Blessings to good men and women, who love love, and love God, and are trying to serve and live in grace and give grace as best as they can.
Prayers for those who have had no roadmap to God, to love, and are in need of great compassion, and a mirror that shows them the truth of their souls.
Prayers for those who are lonely, and are in need of comfort.
Prayers for those who are trapped in fear, that they find a space where they can let it go, and feel loved.
Prayers for those who need forgiveness, for all of us to forgive ourselves, in all our forms, to let go of things that are not true, and not who we are.
Prayers to those lost in illusion, that they may find a roadmap to their hearts, and Christ as the head.
Blessings to those who let go of the need to control, and allow love, to flow.
Sending prayers out to calm the storms that need calming.
Rest for those whose minds need soothing.
Peace to the world, and those who are suffering, for their pains to crack them open enough to find God.
Hope to those who are hopeless.
For truth, to light the way, the highest truth, to cut through the darkness, and give direction and compassion, and light, and spirit, and heart a place to dwell.
Hope and forgiveness for those who are in need of it.
For children to know they are loved.
For those living alone, to find something, or someone to love.
For those who haven't experience the real, to know what it feels like, for something to lead them to the truth.

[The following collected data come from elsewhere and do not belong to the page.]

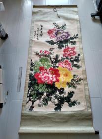 尹以壁国画牡丹(立轴,已装裱)
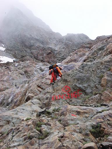 Dass die Gletscher nicht nur Gefahren durch die Spalten bergen wird uns auf unserem Weg zu unserem Pickeldepot klar. Hier und da hörten wir kleinere Felsstürze und auf dem Gletscher lagen schon einige „frische“ Brocken rum. Gekonnt suchten wir den optimalen Weg und waren bald an unserem Depot angelangt. Alex bereitet alles für die Spaltenbergung vor. Dann hieß es, wer will der erste sein. Klar dass hier Annette die Nase vorn hat. Die hat einfach vor nichts Angst. Der „Sturz“ war von Karin und mir kaum zu halten, gut dass Alex vorsorglich hintersicherte. Doch auch hier macht das Wetter nicht mehr mit. Mitten im Programm müssen wir abbrechen. Alex holt Annette aus der Spalte und dann hieß es hurtig zur Hütte. Mit wenigen Regentropfen bedacht erreichen wir diese.
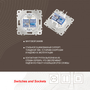 | Техническая особенность | Встраиваемые, Интернет-розетки, Телефонная |
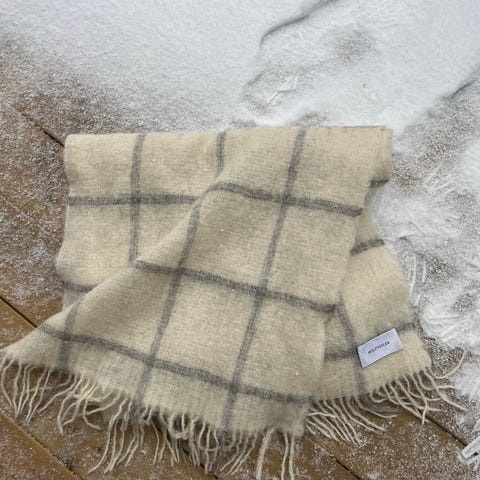 "Dipper Check" fra Holzweiler. Mykt skjerf i ull og kashmire. Ullskjerfet har rutete mønster i lyse toner. Det perfekte skjerfet til høst/ vinter. Laget i Italia.
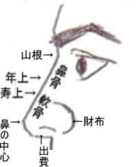 ![]() 鼻は、金運と自分自身を示します。鼻には現在の運気がでます。 〔山根〕 額の骨と鼻の骨が接する場所です 眉間近くの下にある 鼻筋を触ると段がついています ここが鼻のスタート=山根です 鼻を顔の中の山にたとえて、この場所を山根といいます。疾厄宮とか志の宮とかいいます。 ヨーロッパ人と日本人で山根の位置が少し違います ヨーロッパ人は眉間のすぐ下にありますが 蒙古系の日本人は上まぶたが広いので 目頭と目頭の間より少し上にあるのが多いです ![]() 〔右身 左身〕 鼻筋の横で斜めになっている鼻の部分ですが 右側の斜めが右身 左側の斜めが左身です 〔鼻筋横=右身 左身〕は 2通りの見かたがあります。 1. 眉間から鼻筋に沿って鼻穴の上へ直線で気色が通じると雇われている立場の収入があります。 気色線は左絵の眉間から鼻骨軟骨と書いてある場所を直線で通り鼻先に至ります 2. ホホから鼻の寿上を通り鼻先に気色が入ると自営業などのかたの売上げ収入です 〔鼻先〕 鼻の中心はここ。準頭といいます。 魔女の絵のように鼻先が長いとしつこいというか執念深い 〔小鼻〕 金庫ともいいます。鼻穴から小鼻をみるのがコツ。小鼻の肉付きがよくわかります。肉厚は金運あり。やせ肉は貧乏中です。 ホホが世間。鼻筋が自分です。 〔鼻の穴〕 お金が出て行く場所 |

For freedom from the ego's control.
For love to finally have a voice.
For everyone who wishes it, for their hearts to begin to open to the highest truth of their being.
For our crowns to be ablaze with holy spirit fire, always.
For that truth, to shine out, for music, and presence to shine through into this now, and the nows to come, so that consciousness wakens to love, a paradise that never leaves you.
For those whose consciousness are trapped in tombs, that the stone holding their light in, cracks, and rolls away, and love steps forth, living, again.